Vegeta standing with the same line's SS4 Goku figure.
Vegeta standing with the same line’s SS4 Goku figure, whose colors seem a bit off if you ask me. There do appear to be some shared parts in the body and arms between the two. Even with Goku’s more muted palette, though (and yes, for this design that’s muted), they look good together! But do my eyes deceive me — is Vegeta *gasp* taller?!

Minor gripes aside, I’m super-glad Bandai is offering these wondrously daft designs from the mid-’90s in this line, and I’m happy to snap ’em all up — just as I’ll be more than happy to grab them all again if Bandai Japan finally decides to offer them in the Figuarts line.
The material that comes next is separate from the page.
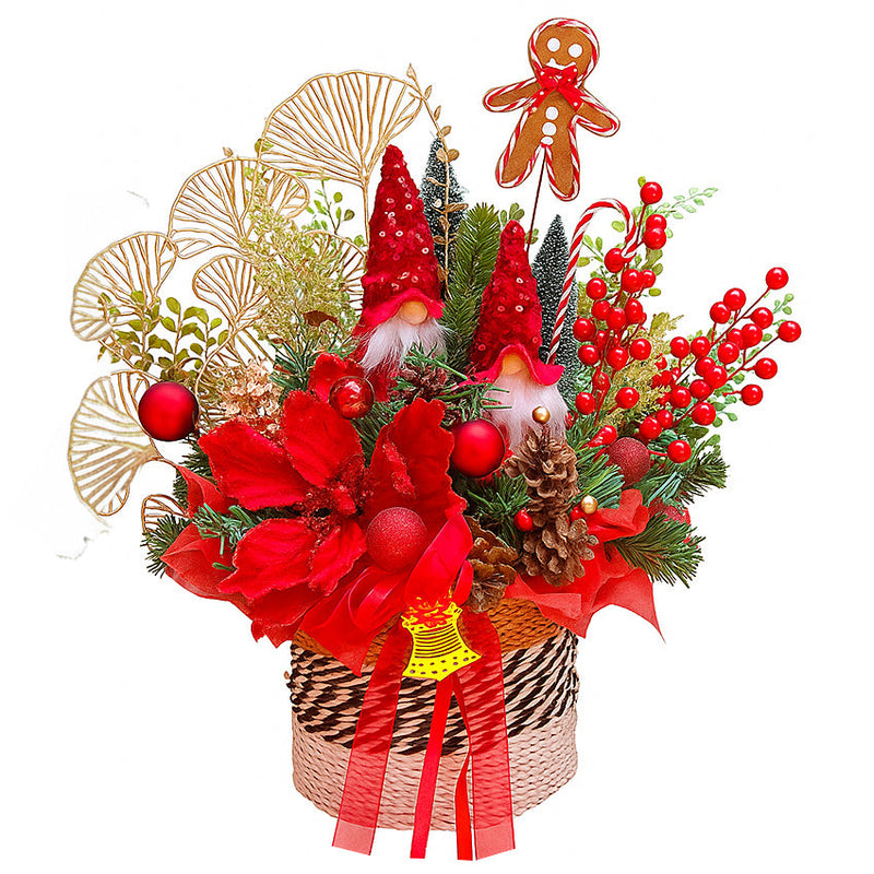 Hadirkan keajaiban musim liburan dengan Holiday Gnome dari Outerbloom, sebuah keranjang bertema gnome yang penuh keceriaan dan kehangatan Natal. Setiap elemen dipilih dengan cermat, dari poinsettia merah yang memikat hingga aksen emas yang elegan. Figur gnome kecil yang menggemaskan serta ornamen roti jahe memberikan karakter yang unik, menjadikan rangkaian ini ideal sebagai hadiah spesial atau dekorasi utama untuk menyambut hari istimewa.

These are sturdy, solid figures that are fun to pose, even if some joints don’t go as far as I’d like, and the wacky color schemes of the era — a major departure for the franchise up to that point — make them stand out on a shelf. I grabbed Vegeta at GameStop a couple of weeks ago, and I’ve seen the line at Walgreens and at the collector-oriented figure corners, by the electronics, in both the Joplin, MO Target and Webb City, MO Walmart, by the Funko Pops.

Vegeta and Goku engage in some light sparring.
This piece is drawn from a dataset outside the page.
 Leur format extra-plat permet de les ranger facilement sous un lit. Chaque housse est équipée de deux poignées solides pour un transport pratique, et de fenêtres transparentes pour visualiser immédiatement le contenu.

Vegeta and Goku engage in some light sparring. (I really need to invest in some figure stands to work on getting some more dynamic shots. Also I need to be not doing these pics and reviews at 1 AM the night before they go up …)
SS4 Vegeta & Goku from Dragon Stars with some earlier SS4 Goku figures from Bandai.
SS4 Vegeta & Goku from Dragon Stars alongside some earlier, more fixed-pose SS4 Goku figures from Bandai. I’d honestly prefer Goku’s colors look more like the Super Battle Collection figure to your far right — look at that shocking pink and vibrant yellow! Vegeta’s poppier palette makes me wonder if a Version 2 SS4 Goku with brighter colors might be in the cards …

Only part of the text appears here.